Harper’s grin widened. ‘Told you,’ he said.

‘You’ve done a good job of staying below the radar. The consensus seems to be that you’re in Spain.’

‘Yeah, well, as long as they think that, I’m a happy bunny.’

‘How did you find me, Lex?’

‘It wasn’t difficult. For a start you weren’t hiding, plus I knew you back in Afghanistan, I knew your name and your date of birth and that you were married to Sue and that you had a kid, Liam.’ His face fell. ‘Shit, sorry.’

‘Sorry?’

‘About the wife. The car crash. I only just found out. Sorry.’

‘It was a long time ago.’

‘I know, but I’m sorry. I never met her, but you were always talking about her.’ He sipped his coffee and then wiped the foam from his upper lip with his sleeve. ‘Always nagging you to leave the Regiment, remember?’

Shepherd chuckled. ‘Yeah. She got what she wanted after I got shot. I left a few months later. Out of the frying pan into the fire, as it happens.’

‘Yeah?’

Shepherd nodded. ‘Yeah. They never had me walking a beat, they put me straight into an undercover unit and the work was every bit as dangerous as Afghanistan. High-level crims, drug dealers, hitmen, gangsters. She was soon nagging me to leave the cops.’

‘To join Five?’

Shepherd shook his head. ‘Nah, I moved to SOCA, but that was after she died.’

‘SOCA? Now that was a great idea, wasn’t it? The British FBI? They couldn’t find their arse with both hands.’

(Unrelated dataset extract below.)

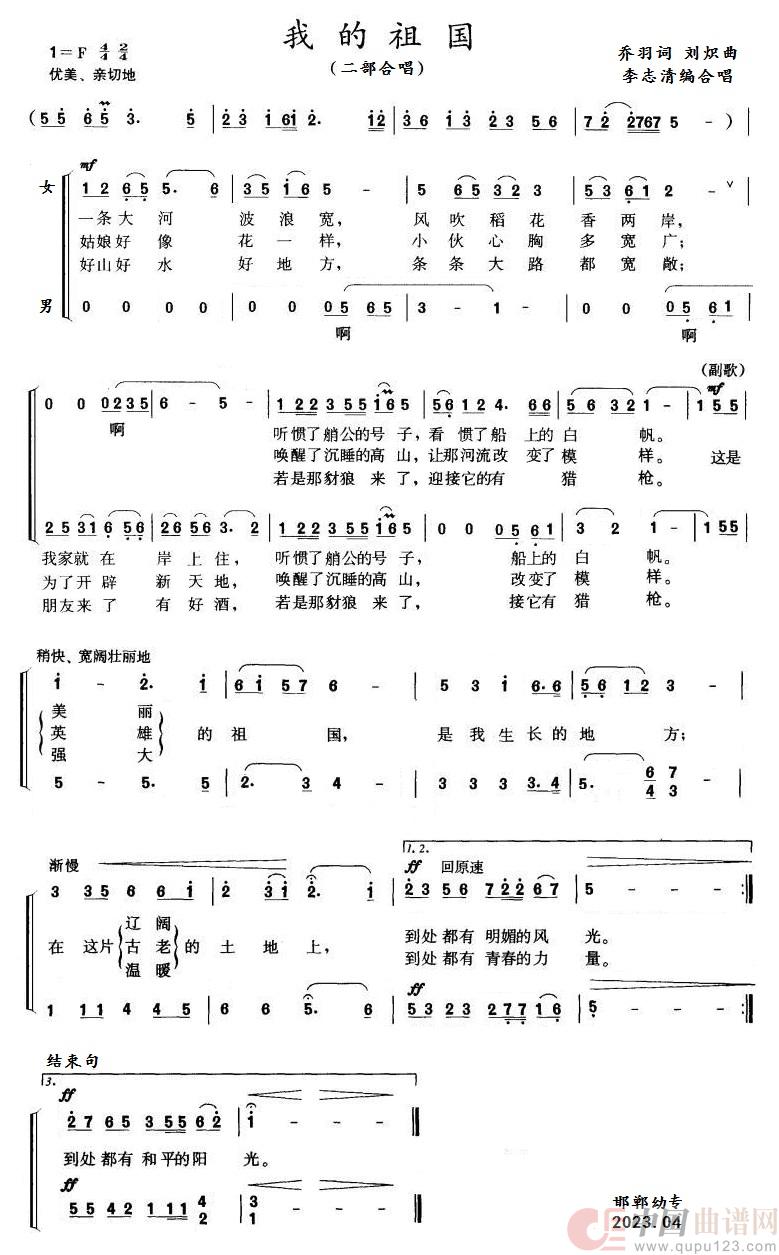 刘炽曲谱推荐祖国颂(乔羽词 刘炽曲、合唱)我的祖国宁夏川(安妮词 刘炽曲)芳草绿遍了天涯让我们荡起双桨(合唱)我的祖国1,2红旗指向大渡河(电影《大渡河》插曲)荷花颂(混声无伴奏合唱)(程若词 刘炽曲)我的祖国(电影《上甘岭》插曲)新疆好(梦之旅组合)新疆好我的祖国(领唱+混声四部合唱)交响大合唱·祖国三部曲:祖国颂(钢琴伴奏谱)新疆好(混声四部合唱)新疆好歌剧《白毛女》全剧之第七十六曲(五幕三场)儿童进行曲荷花颂(完整版)那怕它黄河之水天上来(大合唱《祖国颂》选段)我的祖国(管乐合成分谱)
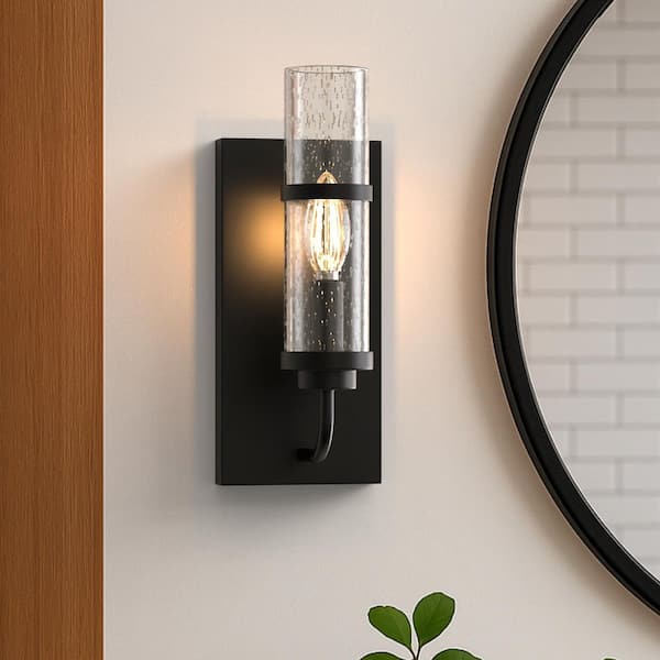 5 in. Farmhouse Black Wall Sconce, Vintage Industrial Vanity Light Fixture with Clear Glass Shade for Bathroom

‘You’ve come up against them, have you?’

‘There’s half a dozen of them in Pattaya but they don’t know me. I’ve sat opposite two of them in a go-go bar and they’ve looked straight through me.’

‘How come?’

‘Because they’re tossers. Like your mate, what was his name, Razor? In and out of the massage parlours like bloody yo-yos. If ever they started to get busy about me I’ve more than enough to get them pulled back to the UK. SOCA was never going to work. You can’t shove cops, customs officers and taxmen into the same organisation and expect them to work together. They form their own little kingdoms and start plotting against each other.’

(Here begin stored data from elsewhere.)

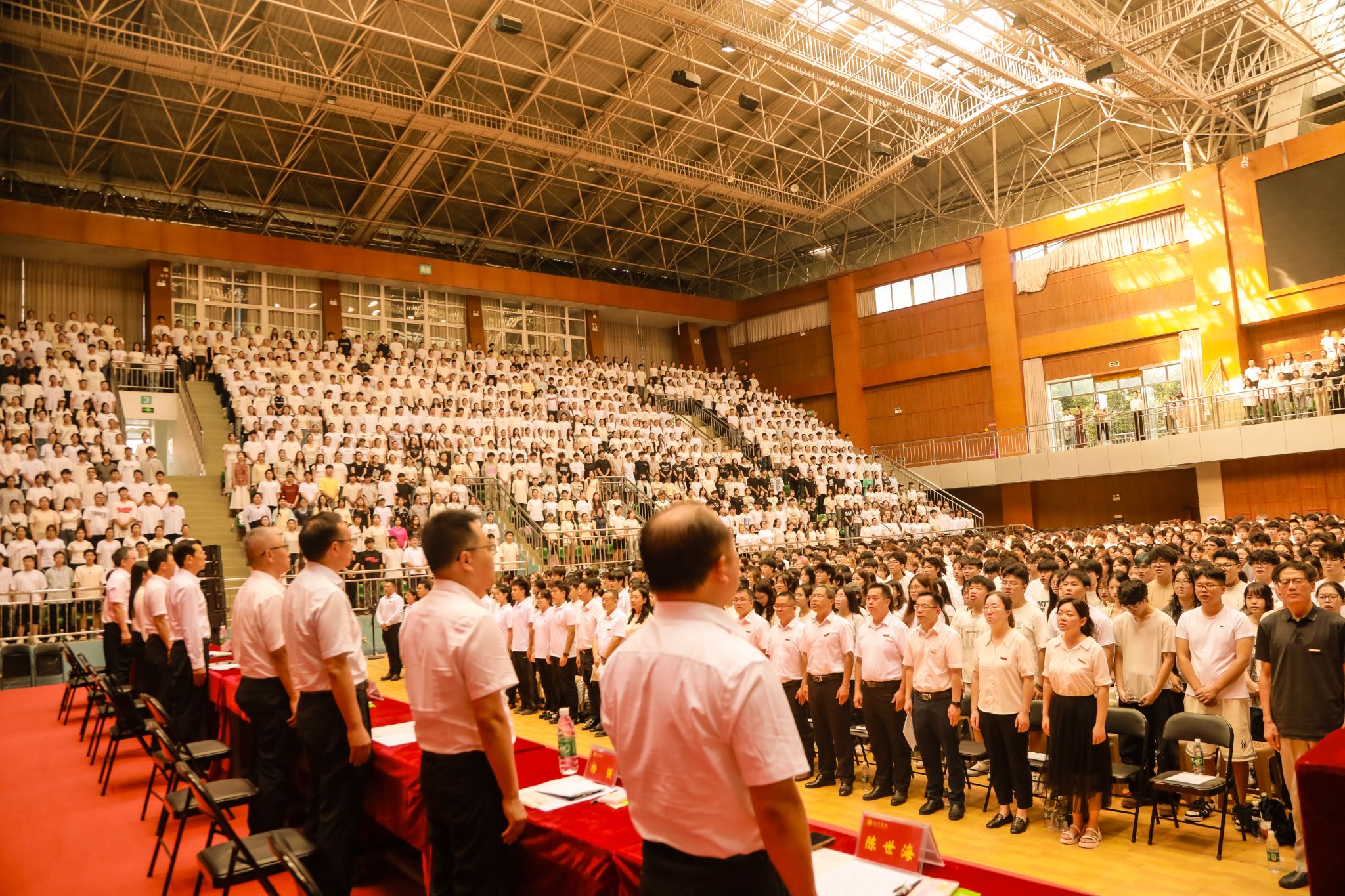 开学典礼在庄严的国歌声中拉开帷幕。
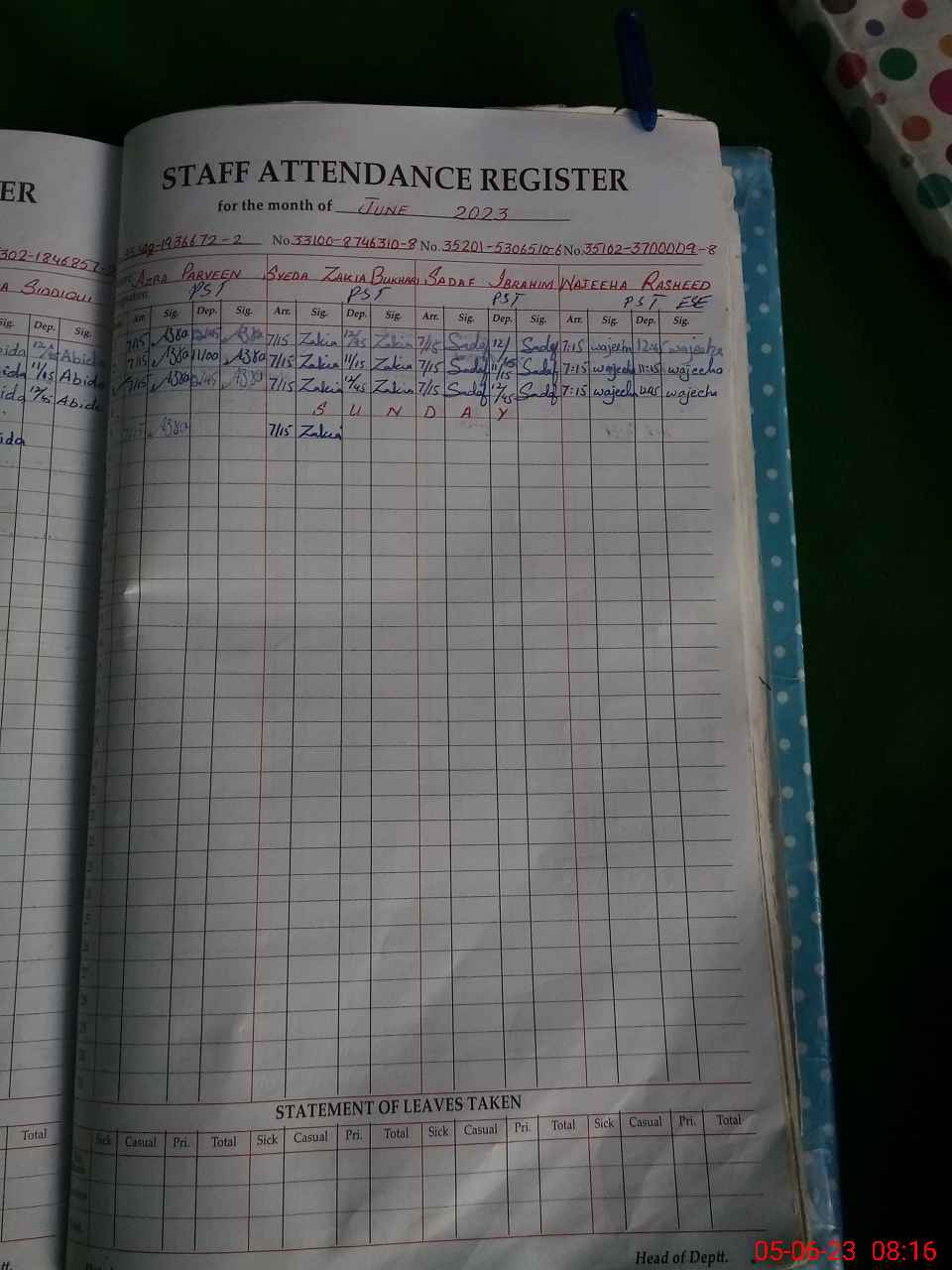 | Leave | Duty | Absent | Maternity | Medical | Ex- Pak |
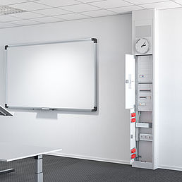 The media and communication pole from OBO Bettermann ensures more flexibility in the electrotechnical installation in classrooms.

Shepherd raised his eyebrows. ‘You seem to know a lot about SOCA.’

‘I know a lot about a lot, mate. Knowledge is power. End of.’ He took a long pull on his cigarette. ‘Still, if they were any good they’d have been giving me a hard time, wouldn’t they, so thank heaven for small mercies. I just hope this new mob, the National Crime Agency, isn’t much better. Doubt it will be. It’s like renaming the Titanic just before the iceberg hits.’